By Charles Matthews

Friday, October 8, 2010

1. The Passage, by Justin Cronin, pp. 1-17

The PassageI. The Worst Dream in the World, 5-1 B.V., One
Nineteen-year-old Jeanette, who works at a diner known as the Box somewhere in Iowa, gives birth to a daughter she names Amy Harper Bellafonte, the result of a liaison with a traveling salesman named Bill Reynolds. Jeanette lives with her widowed father, but he dies when Amy is three. Her only other relative is a brother who is in the Navy, and he never answers her letters.

One day Bill Reynolds returns, telling her that he has left his wife and children. He moves in with Jeanette and Amy, but is unable or unwilling to find work. He starts beating her, so she throws him out. To earn extra money, she takes a night job cleaning the high school. She leaves Amy with a neighbor while she works, but when the woman has to go into the hospital, Jeanette is forced to leave her at home by herself. When she tells this to another woman she works with, the woman tattles and Jeanette is fired. Desperate, she hits the road with Amy in her old Kia, taking whatever work she can find.

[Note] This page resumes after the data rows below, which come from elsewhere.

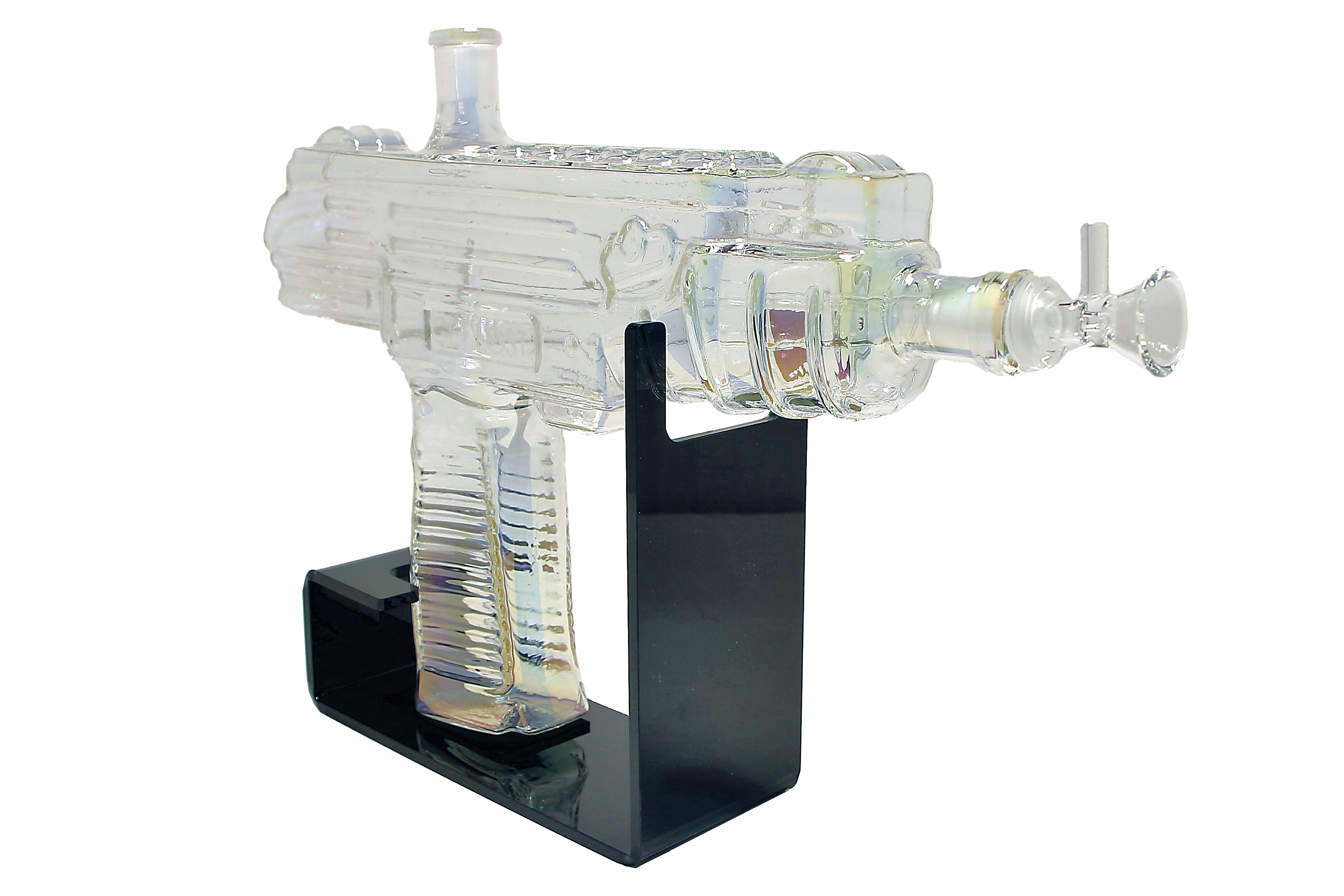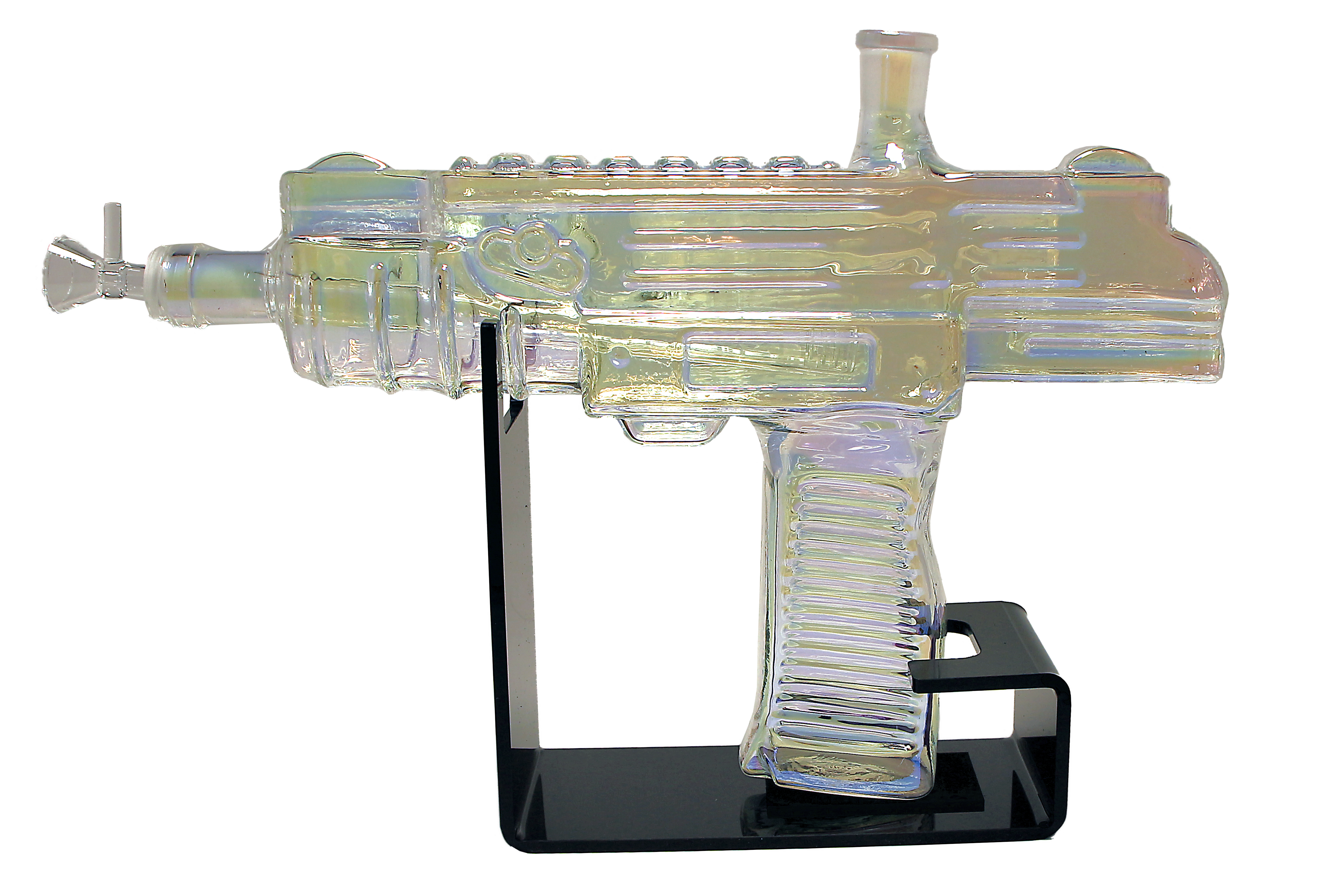 The UZI Glass Water Pipe features a unique design inspired by the iconic UZI firearm. With its realistic details and sturdy construction, this water pipe is sure to impress both seasoned smokers and collectors alike.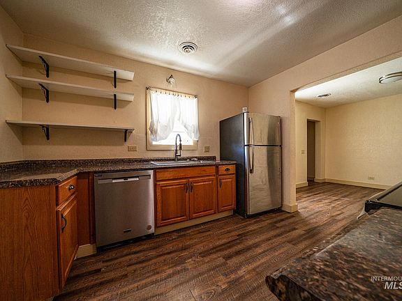 Charming 2 two story home located on a large corner lot in Grangeville Idaho. With nearly 2000 sq.ft, this home welcomes you with 4 bedrooms(2up/2dn), 2 baths(1up/1dn), and a spacious living room. The kitchen boasts attractive laminate countertops, stainless dishwasher, fridge, double oven, and pantry conveniently located off the kitchen. Sizeable mudroom has a multitude of uses including chest freezers, workshop, or even a hobby room. Enjoy the convenience of a dedicated laundry room located next to the mudroom. Upstairs features 2 generously sized bedrooms, a full bath w/ pocket door, and a substantially sized walk-in storage room. Adequate space to build your garage/shop or garden area. Lot can be easily fenced for the critters and kiddos. Central heating and AC.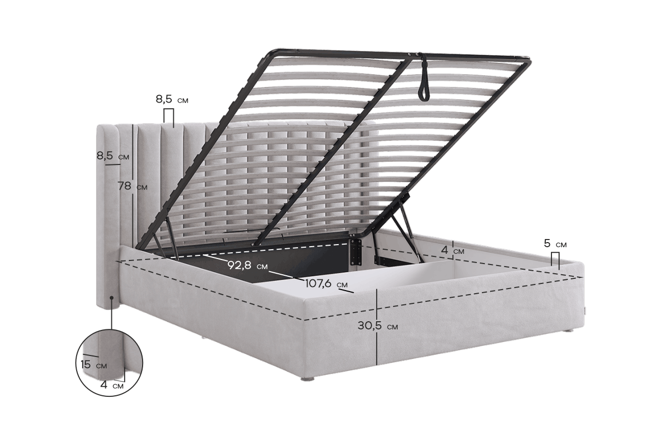 В комплект кровати входит основание с подъемным механизмом, что позволяет вам использовать пространство под кроватью для хранения одежды, постельных принадлежностей и других вещей. Это практичное решение, позволяющее оптимизировать пространство и поддерживать порядок в спальне.

Finally, the car dies in Memphis. She hitches a ride with a man in a Mercedes, who pays her fifty dollars for sex. She begins turning tricks at the motel where they live, shutting Amy, who is now six, in the bathroom while the johns are there. The motel owner sells her a gun for protection. She begins to think of herself as two people:
The other Jeanette, the one who stood on the highway in her stretch top and skirt, who cocked her hip and smiled and said, What you want, baby? There something I can help you with tonight? -- that Jeanette was a made-up person, like a woman in a story she wasn't sure she wanted to know the end of. 
One night she is picked up by a college boy who takes her back to his fraternity house. Unwilling to participate in the gang-bang she foresees, she struggles with him until she finds her purse, takes the gun out of it, and shoots him. She runs to the nearest major street where she catches a bus, then changes to another bus that takes her back to the motel.

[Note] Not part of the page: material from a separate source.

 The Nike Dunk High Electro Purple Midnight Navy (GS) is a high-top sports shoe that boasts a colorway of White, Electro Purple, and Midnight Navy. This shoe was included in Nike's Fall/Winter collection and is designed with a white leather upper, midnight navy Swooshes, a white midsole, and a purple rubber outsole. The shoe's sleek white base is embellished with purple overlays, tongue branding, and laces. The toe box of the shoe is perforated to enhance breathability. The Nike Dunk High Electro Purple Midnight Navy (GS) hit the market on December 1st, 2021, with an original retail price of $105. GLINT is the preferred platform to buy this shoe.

She packs their things and catches a bus that takes them back along the route she has just traveled. She remembers a church, Our Lady of Sorrows, that she saw along the way. When they reach it, she finds the other sign she had remembered: Convent of the Sisters of Mercy. The door is answered by a black woman called Lacey, who says she is originally from Sierra Leone. Jeanette tells Lacey that Amy to school when her car broke down, and pretends to call AAA, actually dialing the recorded weather report. Lacey agrees to watch Amy while Jeanette goes to meet the repairman. So Jeanette hugs Amy goodbye "as long as she dared," and leaves her there.

[There are only few hints where the story might go from here. Even if we haven't read the jacket copy or the publicity or the reviews, we have to wonder about "5-1 B.V." in the section heading, and about the opening paragraph: "Before she became the Girl from Nowhere -- the One Who Walked In, the First and Last and Only, who lived a thousand years -- she was just a little girl in Iowa, named Amy. Amy Harper Bellafonte." 

It's a good beginning, I think, touchingly bleak, with a deft control of narrative voice and point of view. Without that opening paragraph, the novel might well seem to be about the adult, Jeanette, rather than the child. The point of view is Jeanette's, naive and desperate, though the voice is that of an unidentified narrator. They often intersect beautifully, as in this sentence: "He pulled up to a house with a big sign over the porch showing three shapes that looked almost like letters but not quite, and Jeanette knew what it was: a fraternity." We may quibble here that Jeanette, who has finished high school and is sophisticated enough to have read To Kill a Mockingbird, to remember that its author was Harper Lee and to name her daughter after the author, would probably know that the "three shapes" are Greek letters. But reducing them to shapes evokes the stunned detachment of Jeanette, whose habit of mind is to focus on the facts of the moment and to repress anything such as fears and feelings that might cause her to lose control. 

There is also little in this first chapter that evokes anything outside of the routine and familiar. Only one sentence, "The radio spoke all day of war," seems to hint at anything outside of Jeanette's consciousness. What war? we may ask. When is this taking place?]